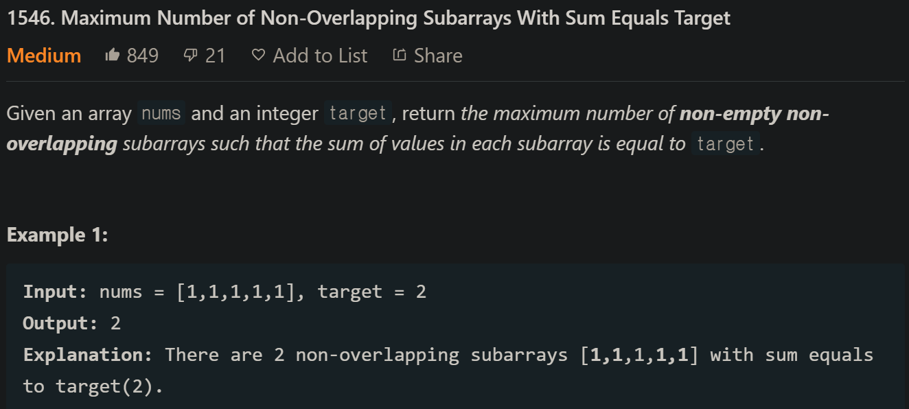 https://leetcode.com/problems/maximum-number-of-non-overlapping-subarrays-with-sum-equals-target/
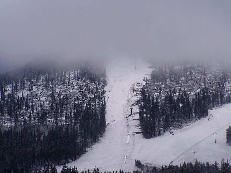 Heut vormittag sank die Schneefallgrenze im Arbergebiet bis nahe 600 m Dabei war ein NW-SO-Gefälle feststellbar, hervorgerufen vermutlich durch Stau. Am Hohenbogen war selbst am Gipfel kaum Neuschnee, bei Lohberg schon kurz nach Waldbeginn auf 650 m.
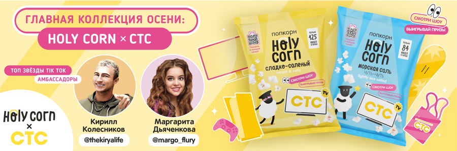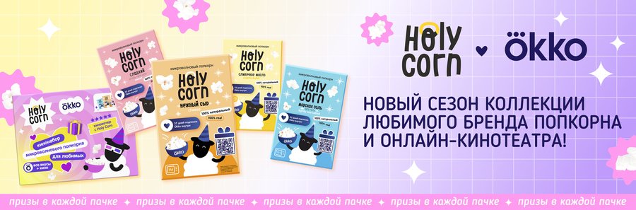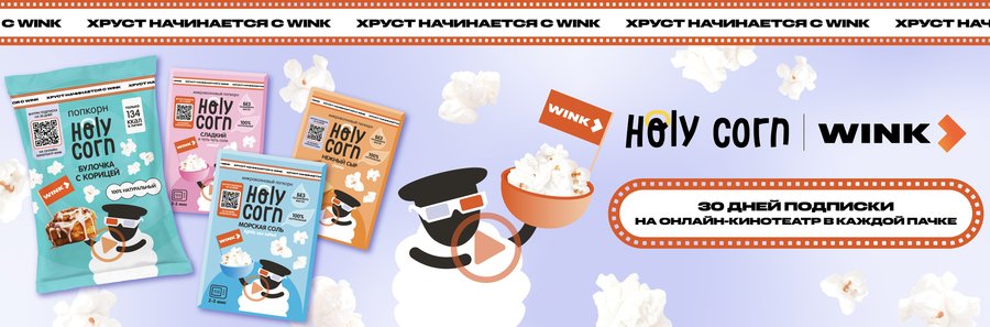 Бренду снеков не обойтись без коллаборации с сервисами для просмотра фильмов, это логично и поддерживает суть продуктов. Holy Corn удалось поработать со многими: Wink, Okko, СТС.
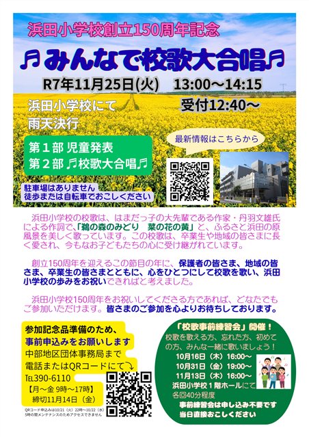 浜田小学校出身ではないのでまだ一度も歌ったことがない方、
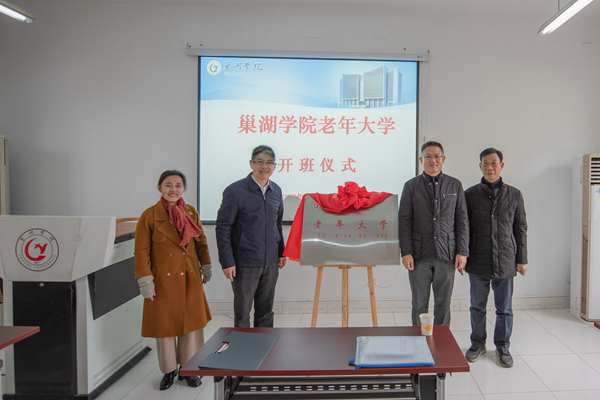 周峰、阮爱民、陈恩虎、汲麓琳共同为365bet赌场手机投注_det365下载_365bet备用网学院老年大学揭牌。

EXERCISE BRIEF: Word for word, write out each of the records, but not the pictures.

ANSWER TO THE EXERCISE:
 https://leetcode.com/problems/maximum-number-of-non-overlapping-subarrays-with-sum-equals-target/
 Heut vormittag sank die Schneefallgrenze im Arbergebiet bis nahe 600 m Dabei war ein NW-SO-Gefälle feststellbar, hervorgerufen vermutlich durch Stau. Am Hohenbogen war selbst am Gipfel kaum Neuschnee, bei Lohberg schon kurz nach Waldbeginn auf 650 m.
 Бренду снеков не обойтись без коллаборации с сервисами для просмотра фильмов, это логично и поддерживает суть продуктов. Holy Corn удалось поработать со многими: Wink, Okko, СТС.
 浜田小学校出身ではないのでまだ一度も歌ったことがない方、
 周峰、阮爱民、陈恩虎、汲麓琳共同为365bet赌场手机投注_det365下载_365bet备用网学院老年大学揭牌。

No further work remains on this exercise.